No pictures go in the copy. Restate, word for word, each line from the one containing "Ako zobraziť/vypnúť na faktúre QR kód?" through the last line below.

** Opening Data block **

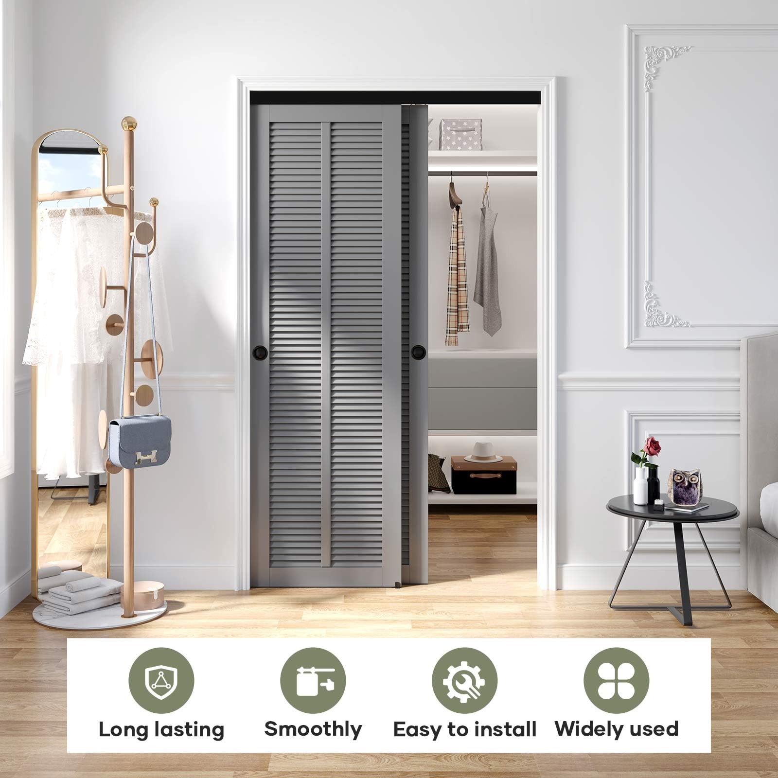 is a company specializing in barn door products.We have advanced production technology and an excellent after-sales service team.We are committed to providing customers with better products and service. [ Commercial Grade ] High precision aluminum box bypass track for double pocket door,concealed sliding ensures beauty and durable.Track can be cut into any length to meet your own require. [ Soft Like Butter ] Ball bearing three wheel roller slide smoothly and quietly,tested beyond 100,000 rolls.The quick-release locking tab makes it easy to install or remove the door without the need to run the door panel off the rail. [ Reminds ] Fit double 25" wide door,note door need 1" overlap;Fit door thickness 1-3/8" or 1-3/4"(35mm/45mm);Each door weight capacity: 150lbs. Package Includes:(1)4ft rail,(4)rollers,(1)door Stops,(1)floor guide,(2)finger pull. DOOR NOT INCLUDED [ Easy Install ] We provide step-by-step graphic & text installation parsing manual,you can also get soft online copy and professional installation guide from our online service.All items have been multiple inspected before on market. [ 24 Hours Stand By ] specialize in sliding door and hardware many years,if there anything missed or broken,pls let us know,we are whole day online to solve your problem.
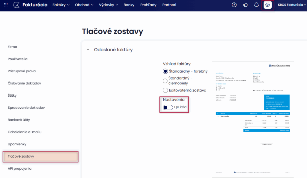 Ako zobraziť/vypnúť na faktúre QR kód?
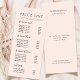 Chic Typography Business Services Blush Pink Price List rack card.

** Closing Data block **

◆ **Exercise solution**
 Ako zobraziť/vypnúť na faktúre QR kód?
 Chic Typography Business Services Blush Pink Price List rack card.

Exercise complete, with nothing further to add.